What methodologies are most effective for studying PVR in proliferative vitreoretinopathy?

• Dominant negative approaches: Consider gene therapy strategies using truncated receptors (similar to the truncated PDGF α receptor approach used in PVR disease models)

• In vivo gene delivery: Utilize retroviral vectors to express receptor antagonists in appropriate disease models

• Collagen gel contraction assays: Employ these in vitro systems to test efficacy of receptor-targeting approaches on cellular responses

• Animal models: Develop and validate relevant animal models (such as rabbit models) that recapitulate key disease features

How can PVR's role in tumor progression be effectively investigated?
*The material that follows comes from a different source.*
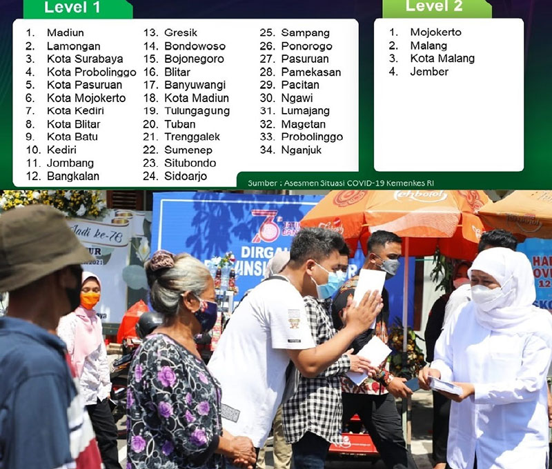 JATIMPOS.CO/SURABAYA - Alhamdulillah, berdasarkan hasil asesmen situasi Covid-19 dari Kemenkes per 13 Oktober 2021, ada 34 kabupaten/kota di Jawa Timur yang masuk pada Level 1. Sementara itu, situasi Covid-19 di empat daerah lainnya masih berada pada Level 2. Empat daerah yang dimaksud adalah Kabupaten Mojokerto, Kabupaten Malang, Kabupaten Jember, dan Kota Malang.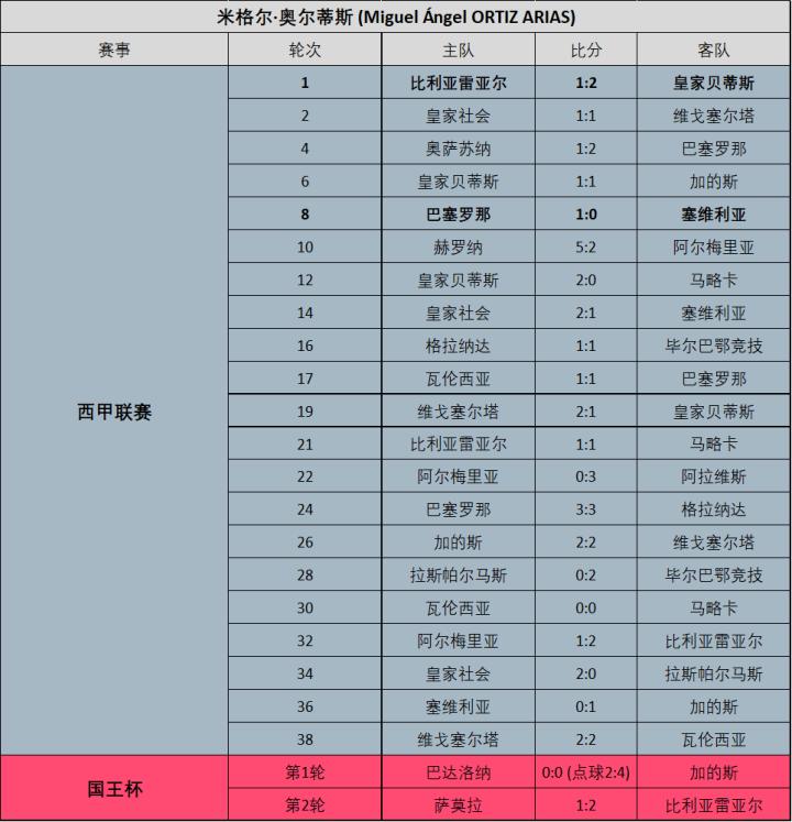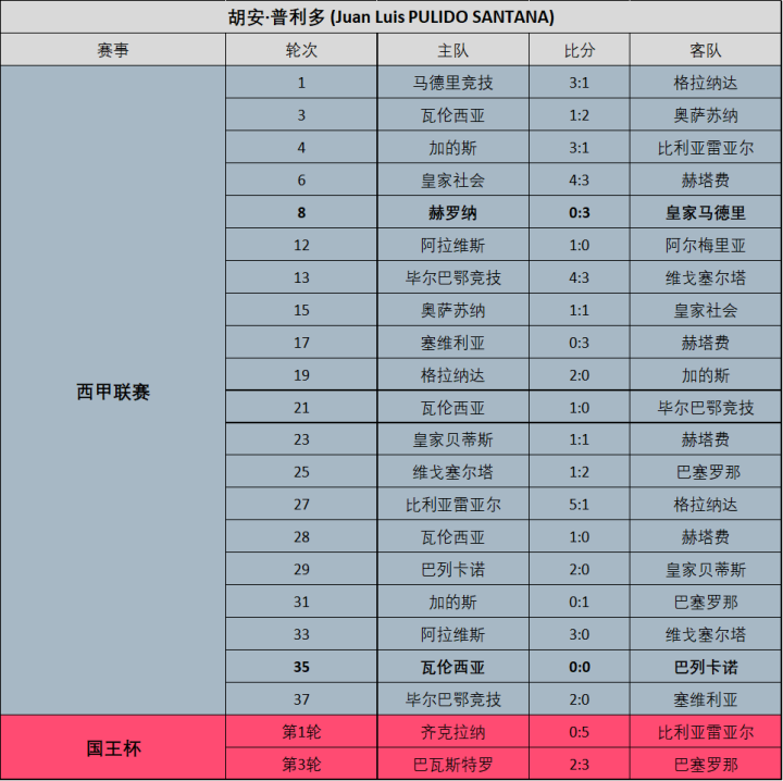 通常情况下,每位西甲裁判员单赛季担任主裁的场次应该是19场,而本赛季执哨场次最多的达到了21场,分别是塞萨尔·索托以及米格尔·奥尔蒂斯,执哨场次最少的则是马里奥·梅莱罗,仅有16场。

To study PVR's contribution to tumor biology:

• Invasion and migration assays: Quantify the impact of PVR expression on tumor cell movement and invasive capabilities

• NK cell interaction studies: Investigate how tumor-expressed PVR interacts with NK cells and potentially subverts anti-tumor immunity

• Immunoevasion mechanisms: Examine how PVR-mediated processes might provide tumors with mechanisms to escape immune recognition

• Cytomegalovirus models: Study how viral infections (such as Human cytomegalovirus) may prevent PVR from reaching the cell surface, potentially as a mechanism to escape NK cell recognition

What are the key considerations for experimental design when studying PVR interactions?

When designing PVR interaction studies, researchers should consider:

What are the comparative properties of different recombinant PVR preparations?